Cognito SDK, Broken Pipe

[sosRoland]

I have an issue when invoking Cognito Admin API calls with C++ SDK both from Lambda and from an external client. I am using the the AWS C++ SDK Version 1.11.75, but have experiences this with previous versions too.

Approximately, 1 in 5 requests (eg AdminUpdateUserAttributes) the API call crashes with a broken pipe.

A typical request (this one executed from a Cognito Post Login Trigger), looks like this:

Aws::CognitoIdentityProvider::Model::AdminUpdateUserAttributesRequest request; request.SetUsername(username); request.SetUserPoolId(user_pool_id); request.SetUserAttributes({Aws::CognitoIdentityProvider::Model::AttributeType().WithName("custom:client_queue").WithValue(queue_url)});

auto outcome{m_idp_client.AdminUpdateUserAttributes(request)}; ...

The SDK is initialized just with default options and Identity Provider Client is default constructed.

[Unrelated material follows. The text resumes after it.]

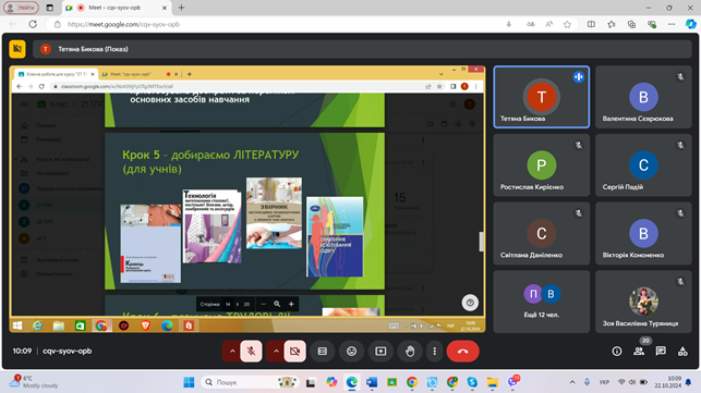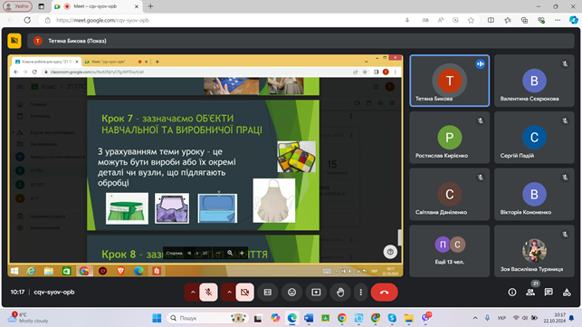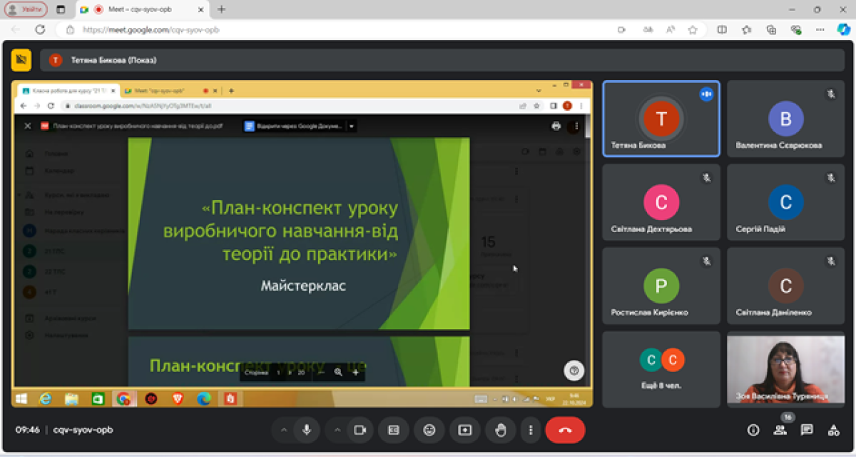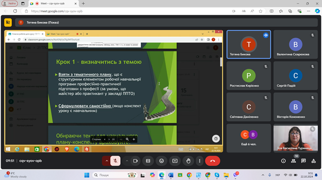 22 жовтня 2024 року, під час тижня циклової комісії професійної освіти та педагогічної (безвідривної) практики, викладачем освітнього компоненту «Організація та методика професійного навчання» в режимі онлайн було проведено майстерклас «План-конспект уроку виробничого навчання – від теорії до практики».

Has anyone any ideas how to make this more reliable?

[SergeyRyabinin]

Hi @sosRoland ,

You did not specify the OS and the configuration you use, I assume it is some linux with default curl and OpenSSL crypto libraries.

Could you please check if setting Aws::SDKOptions.httpOptions.installSigPipeHandler option will fix your issue?

    Aws::SDKOptions options;
    options.httpOptions.installSigPipeHandler = true;

Also, from https://docs.aws.amazon.com/sdk-for-cpp/v1/developer-guide/basic-use.html#sdk-setting-options:

When installSigPipeHandler is true, the SDK for C++ uses a handler that ignores SIGPIPE signals. For more information on SIGPIPE, see Operation Error Signals on the GNU Operating System website. For more information on the curl handler, see CURLOPT_NOSIGNAL explained on the curl website.

The underlying libraries of curl and OpenSSL can send a SIGPIPE signal to notify when the remote side closes a connection. These signals must be handled by the application. For more information this curl functionality, see libcurl thread safety
on the curl website. This behavior is not automatically built-in to the SDK because signal handlers are global for each application and the library is a dependency for the SDK.

Best regards,
Sergey

[sosRoland]

Hi @SergeyRyabinin

Thank you very much for getting back so quickly.

Yes for the AWS Lambda, it is Amazon Linux 2 running on x86, with CURL version 7.79.1 and OpenSSL 1.0.2k-fips (the build environment is AL2 ECR image to match the Lambda environment the closest).

I have also experienced the same issue (different IDP API calls) on Ubuntu with CURL Version 7.81.0 and OpenSSL 3.0.2 15.

Thank for you pointing me to the documentation on the Sig Pipe handler, I will read up on this and see if this gets me any further.

Best Regards,
Roland

[sosRoland]

Hi @SergeyRyabinin

I just wanted to say thank you very much for your help, this works a treat.

Would it be a good idea for the SDK to default configure this flag on Linux when using CURL/OpenSSL to default this to true. I am sure some CMake magic could do this?

Regards,
Roland

[SergeyRyabinin]

Hi @sosRoland,

I'm glad to read it fixed the issue.

Regarding setting this option by default,
This is a part of "global state" setting of the application running on a Unix system. It is a bad practice when a dependency library (and we are a dependency library to our users) modifies the global state of the app. Some other customers will complain that we ruin their installed signal handlers.

We also checked if there is any additional config on curl/OpenSSL side to disable this behavior... and there is no such option.

Another thing I could suggest you is to use aws-lc as a crypto library implementation, that's a OpenSSL-similar crypto library from AWS, it does not send SIGPIPEs.
It can be built and enabled within the SDK by setting the cmake option -DUSE_OPENSSL=OFF.

Best regards,
Sergey

[github-actions[bot]]

Hello! Reopening this discussion to make it searchable.